Estrategia, modelo de negocio, estructura, comunicación: ¿por dónde iniciar?

La planeación estratégica formal invita a seguir una serie de pasos en forma ordenada. El ritmo de la actividad en las empresas a veces no permite emprender esas actividades con todo el rigor. Al entender la causa de los problemas que se evidencian en la actividad diaria, el empresario puede elegir momentos de intervención diferentes que eventualmente lo llevarán a completar el ciclo de planeación.

La situación ideal para darle forma a un nuevo negocio es empezar por la idea. El paso lógico siguiente es definir la estrategia para alcanzar el futuro deseado con los recursos existentes.

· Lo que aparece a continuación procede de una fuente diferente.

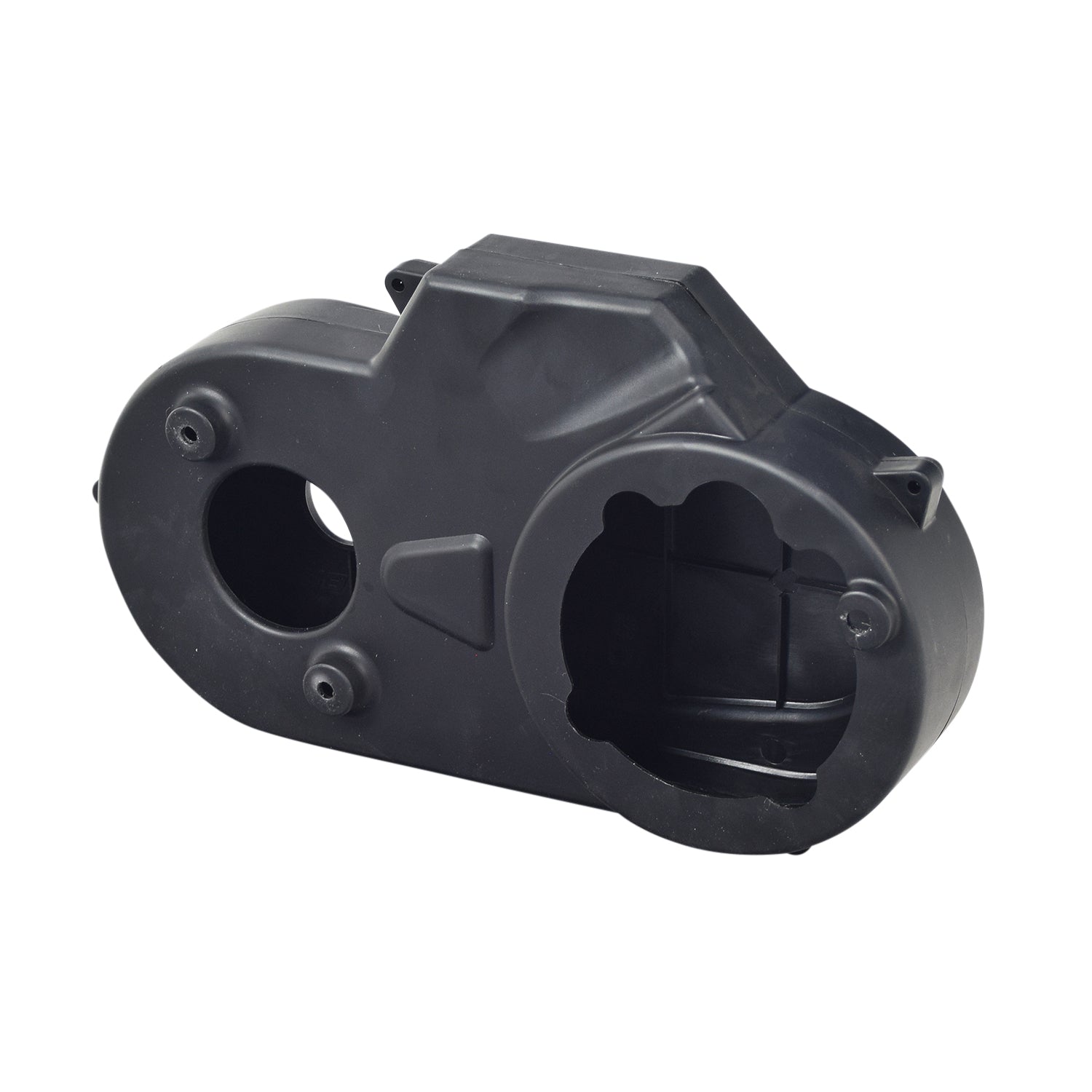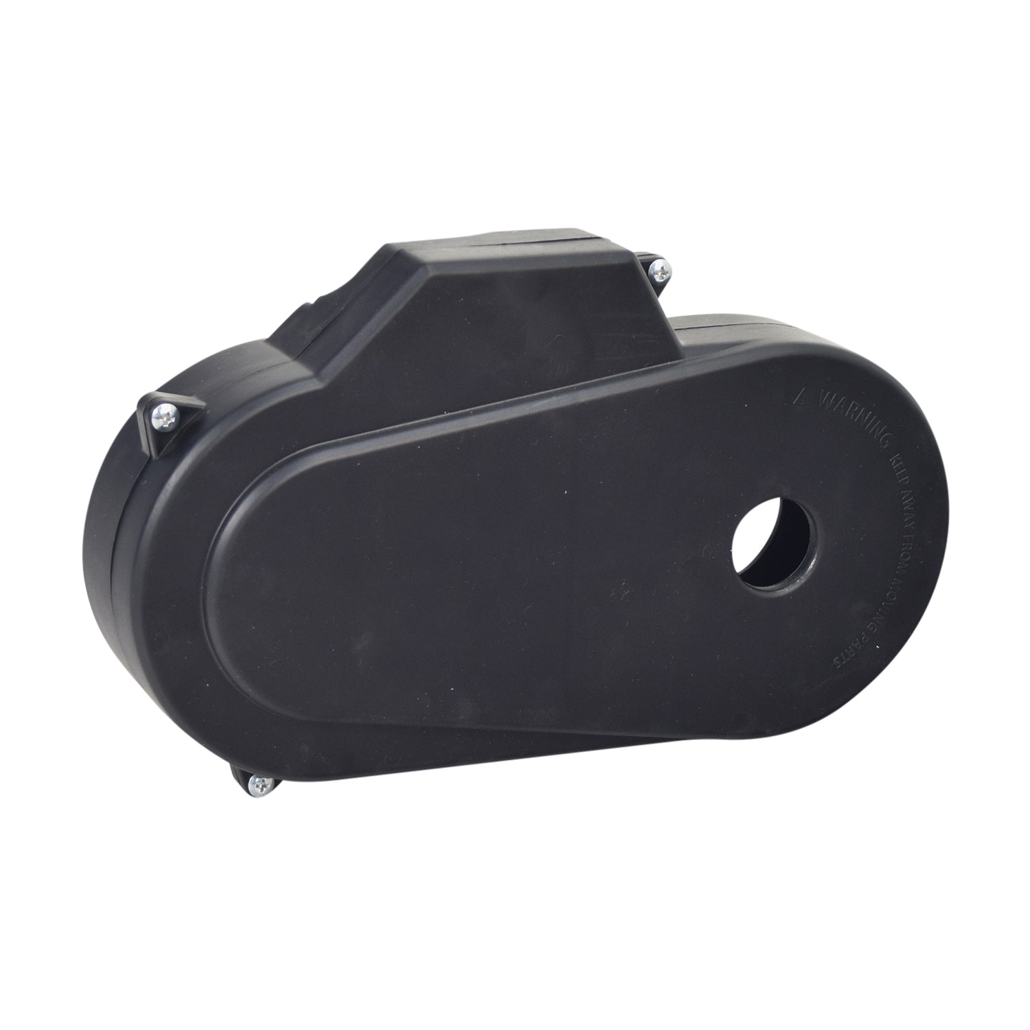 The black plastic chain guard for the Pulse ATV Quad Ride-On is a 2-part assembly that keeps the moving parts encased and protected from mud and twigs that might otherwise get caught in the chain and sprockets.
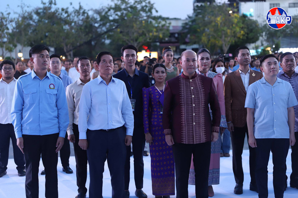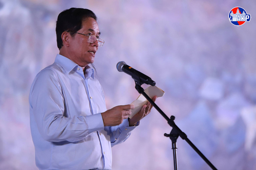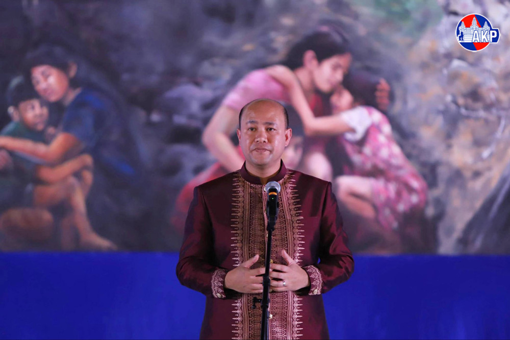 Deputy Prime Minister H.E. Hun Many (Pic. 1), Minister of Civil Service, addresses the participants while he was presiding over the official inauguration of the "Art for Peace" mural in front of Botum Vattey Pagoda in Phnom Penh this evening.
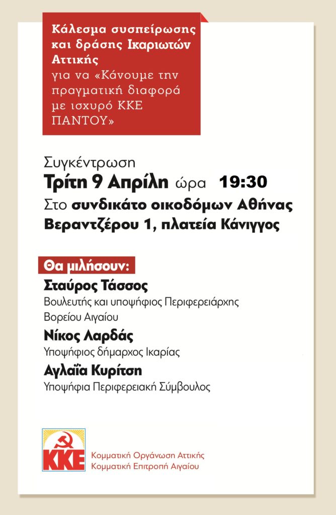 The post Λαϊκή Συσπείρωση: Κάλεσμα των Ικαριωτών στην Αθήνα appeared first on Ικαριακή Ραδιοφωνία.
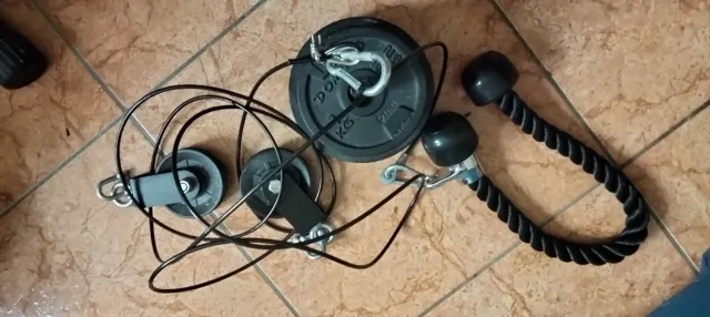 - Incluye polea, cable de acero, disco de peso y accesorio de cuerda.
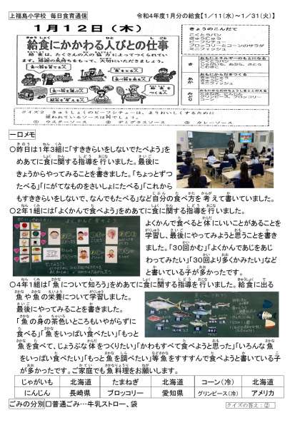 昨日1年3組、2年1組、4年1組に食に関する指導を行いました。
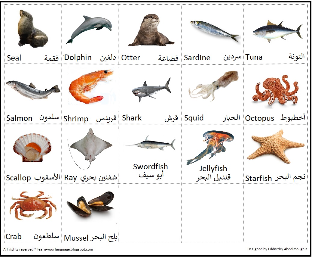 في عالم البحار يكون فيه العديد من الحيوانات المائية وكذلك الحيوانات البرمائية أيضا، والاسماء الي تعيش في البحر والمحيطات، ومن اسماء حيوانات واسماء أسماك البحر هي كالتالي:
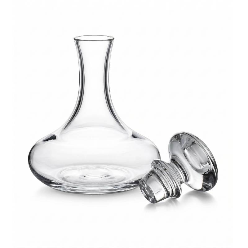 Design Raffiné & Ergonomique : Avec ses lignes fluides et son col élancé, elle assure un service précis et sans goutte. Son bouchon en verre assorti permet de protéger le vin tout en conservant son élégance sur votre table.
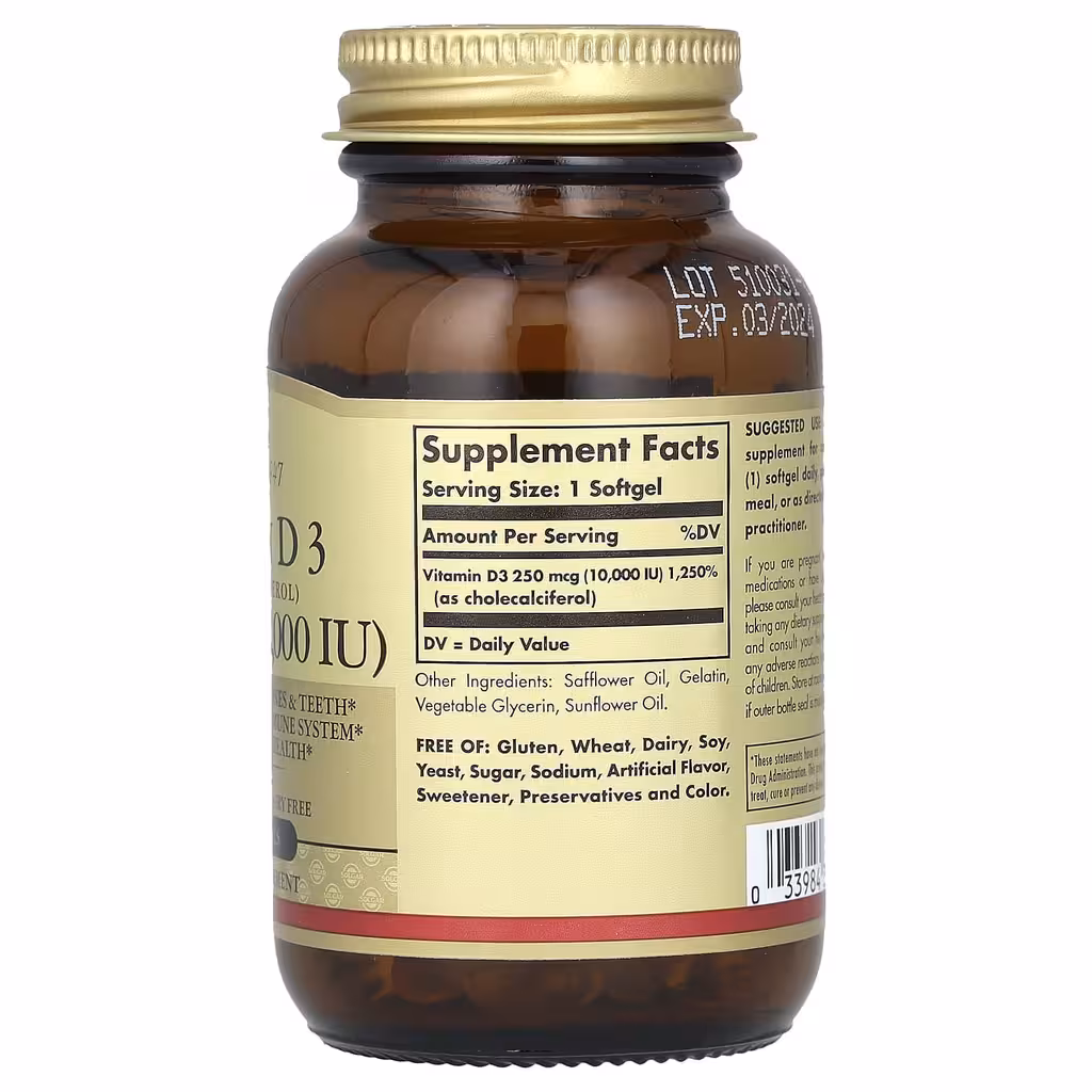 Витамин D необходим для усвоения кальция, который помогает поддерживать здоровье костей и зубов. Кроме того, витамин D поддерживает здоровую иммунную систему и нервно-мышечную функцию. Витамин D3 в этом продукте представляет собой ту же форму, которую организм вырабатывает, когда наша кожа подвергается воздействию солнечного света. По мере старения организм усваивает это питательное вещество менее эффективно. Данный препарат с улучшенной рецептурой витамина D3 предлагается в виде наполненных жидкостью капсул, которые хорошо усваиваются и легко растворяются.

Con una estrategia definida puede pensar en el mejor modelo de negocio que con una estructura acorde a este, se traduce en un arreglo organizacional de los colaboradores que se alinean, mediante mucha comunicación, hacia los objetivos trazados. 
En el mundo real de las empresas, ya hay ideas en desarrollo y en distintos niveles de implementación. En esta situación, puede no ser claro como poner en marcha los principios de la planeación estratégica de forma simple para que arroje resultados efectivos y rápidos.
Lo usual es esperar al inicio de alguno de los ciclos normales del negocio, por ejemplo el inicio de un nuevo año, para poner en marcha este tipo de esfuerzos. 
Sin embargo, ¿por qué no hacerlo en cualquier momento, e iniciando por cualquier parte del ciclo? Esto, aunque puede sonar contrario a las prácticas normales de este tipo de actividades de desarrollo empresarial, puede ser la aproximación que usted como empresario requiere para implantar mejoras rápidas que facilitan el crecimiento y consolidación.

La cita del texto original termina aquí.